Something even funnier happened on opening night: the ghostly plebs took their very own curtain call, bowing in unison and then — wait for it — waving at the audience! Max Reinhardt, thou shouldst be living at this hour.
When John Gielgud played Caesar at the National in John Schlesinger’s production he was dismayed to learn that there would only be about twenty-five bods in the crowd. He was used to seeing a hundred supernumeraries at least in the revivals of his youth, something both Peter Stein and Deborah Warner have harked back to by employing loads of unpaid amateurs to swell the ranks.
Which raises another issue: do the unidentified, admittedly somewhat blurred, individuals in the mob scenes get appearance fees, or are they just lumped into the overall design budget, treated like the serfs and underlings they play on film?
Lucy Bailey’s exciting production poses all sorts of questions like these, and you have to say that the interaction between the frieze-like extras and the speaking crowd (about eight of them) in the oration scene is pretty good, as are the fight scenes with the animated adversaries coming at us like 3-D entrants in a Spartacus look-alike competition.

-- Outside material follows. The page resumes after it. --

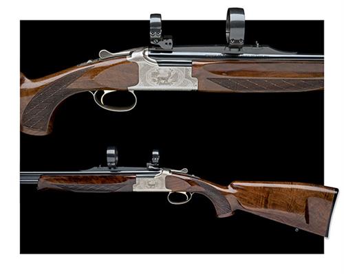 22 1/8in. nitro barrels with sight rib, open sights and ramp-mounted high-visibility bead fore-sight, hold-open toplever, manual safety with integral barrel selector switch, gold-washed single trigger, scroll engraving with game scenes of stag, roe and boar, bright finish, 14 3/4in. hogsback stock with sculpted cheekpiece, sling eyes, Browning buttplate, weight 9lb. 13oz.

There was a classic first night howler, a real collectors’ item, too: Greg Hicks, playing Caesar, tripped on his toga and fell on his fanny just as he declared that he was as constant as the northern star.
He recovered well, though, only to be stabbed to death for his pains. He’s a rather young and lightweight Caesar, and Sam Troughton’s stocky Brutus and John Mackay’s epicene Cassius — he’s a bit like Mark Gatiss in The League of Gentlemen — don’t really measure up to the standards in the RSC pantheon in these roles.

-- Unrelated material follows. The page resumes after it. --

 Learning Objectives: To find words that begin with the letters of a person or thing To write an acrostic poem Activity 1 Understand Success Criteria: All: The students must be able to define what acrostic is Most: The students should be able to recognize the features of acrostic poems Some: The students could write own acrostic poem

One former RSC Brutus, John Nettles, looked happy enough, though, in the stalls. And RSC associate Tony Sher told me that the book cover portrait he once drew of me — sitting, as it happens, in the cinema seats of the old Shakespeare Theatre stalls — would be among the exhibits of his forthcoming National Theatre show. I wonder how much I’ll go for?!
It was a pleasant afternoon and evening by the Avon. I met a couple of friends in the stunning new fish bar, Bernadettes, for a glass of champagne — you can sit on a roof terrace and look out over the town across to Holy Trinity Church – and much enjoyed my pre-show dinner in Lamb’s.

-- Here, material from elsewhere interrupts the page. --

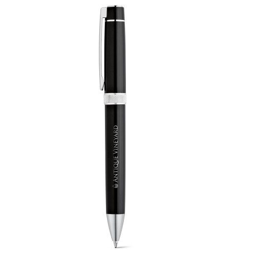 Conjunto de roller e esferográfica com mecanismo twist, ambos em metal e com clipe. Esferográfica até 2km de escrita. Fornecida em estojo almofadado. ø12 x 132 mm | Estojo: 170 x 70 x 30 mm.

The Stratford waterside has recovered, just about, from a weekend aberration when a madman went on the rampage in the Dirty Duck and tore the place apart before moving on to another couple of hostelries and doing the same.
Which only goes to show the wisdom of keeping your lower classes where they belong: at the back of the stage and walled up inside the special effects department. Maybe Bill Dudley’s onto something after all.

May 28th, 2009 at 10:21 pm
The crowd was only the actors of the company. But it was so well made that it’s not obvious. Well done to everybody who worked on these videos.